Kuberay and Model Deployment

Vendor Information

Kuberay is open-source and anyscale owns the open-source product. Anyscale, is an unified compute platform that makes it easy to develop, deploy, and manage scalable AI and Python applications using Ray.

License Information

The Kuberay application itself is open-source.

Business Purpose

The Kuberay platform is used for machine learning model deployment.

Usage Information

The Kuberay platform is intended for model deployment with a limited group of people. The platform was intially tested for deploying DL model. We tested LLM as well, it is able to deploy but have issues on handle huge traffic. Users must login in through okta validation.
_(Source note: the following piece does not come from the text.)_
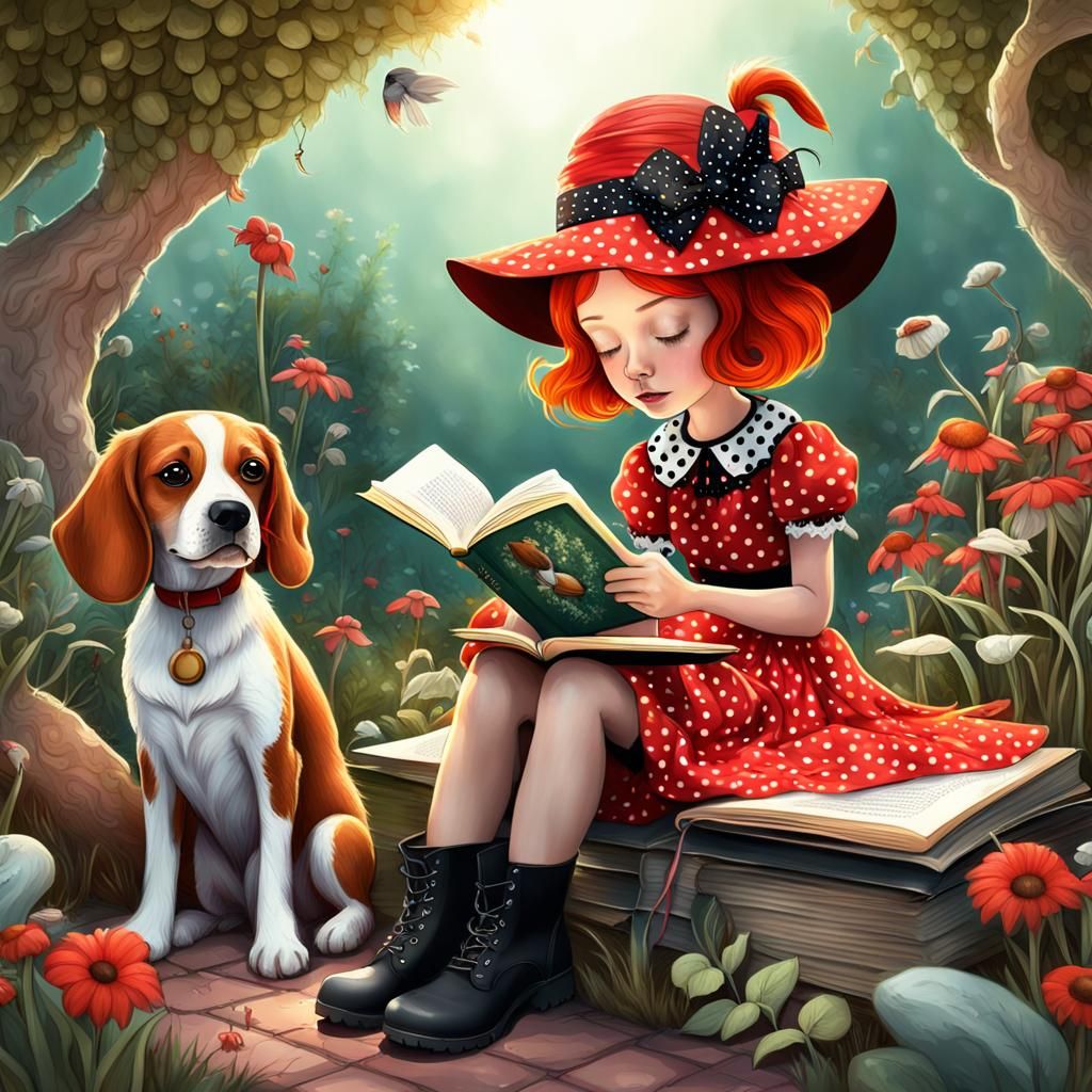 A cartoon image of a red-haired girl in a polka dot dress reading a book with her beagle in a magic garden. The art style is reminiscent of Pixar with airbrush and colored pencil textures.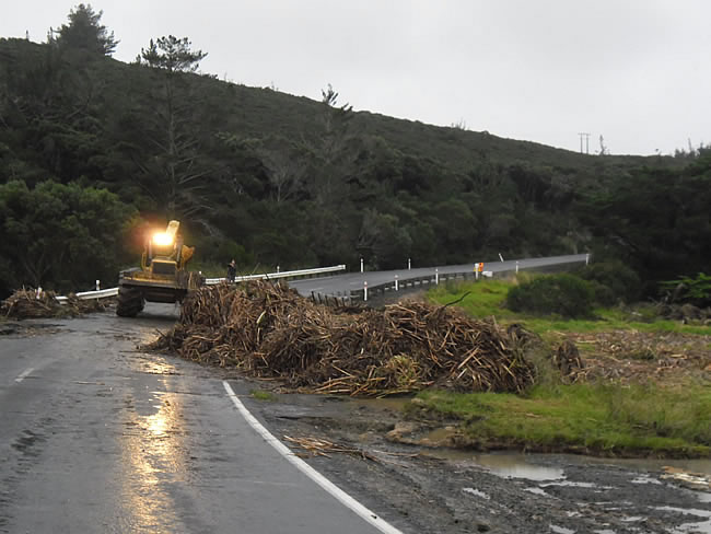 Auckland to Cape Reinga, New ZealandIt had been raining off and on for days but overnight we had an absolute downpour. We were woken up a couple of times with brilliant lightning flashes and wind rocking the campervan. We set off next morning, following the Far North Road, hoping today to make it to the tip of Cape Reinga. The flash flooding had caused quite a bit of damage and we had to stop a few times while roads were cleared of debris. Select the photo below to see more of this area. Previous | Album | Next |

:warning: Depoly LLMs is expensive. TODO cost optimization

Deployment Model

This application is deployed under ace-test eks cluster and the Kuberay is open source provided by Anyscale.

  1. All the deployments are managed by us, same as other EKS applications, okta + ALB
  2. The EKS deployment configurations (image, GPU, CPU, etc) are managed by Helm chart
  3. User groups are managed by Okta.
  4. One master and three replica redis pods are deployed in the same namespace to make sure the Fault tolerance.

High Level Design

The first diagram explains the overall archtecture for Kuberay. kuberay_access_pattern.png In side the ace-test/kuberay namespace: kuberay_namespace.png

4 kind of pods:

  1. Kuberay operator: control ray cluster deployment
  2. Ray Head: schedule worker pods
  3. Ray Worker: running Ray applications
  4. Redis pods: ensure fault tolerance

Components

AWS Components

  1. Helm Chart
  2. Ray Docker Image

Github Components

Check out the repository

  1. Helm chart, ingress
  2. Python Ray Application

Support Information

The ML Engineering team is the owner of the project in ACE:

How to report issues: TBD

All infrastructure issues must initiate from ML Engineering team.

Additional Information

  1. Pod restarts, DL models are fine but LLM takes a long time to recover.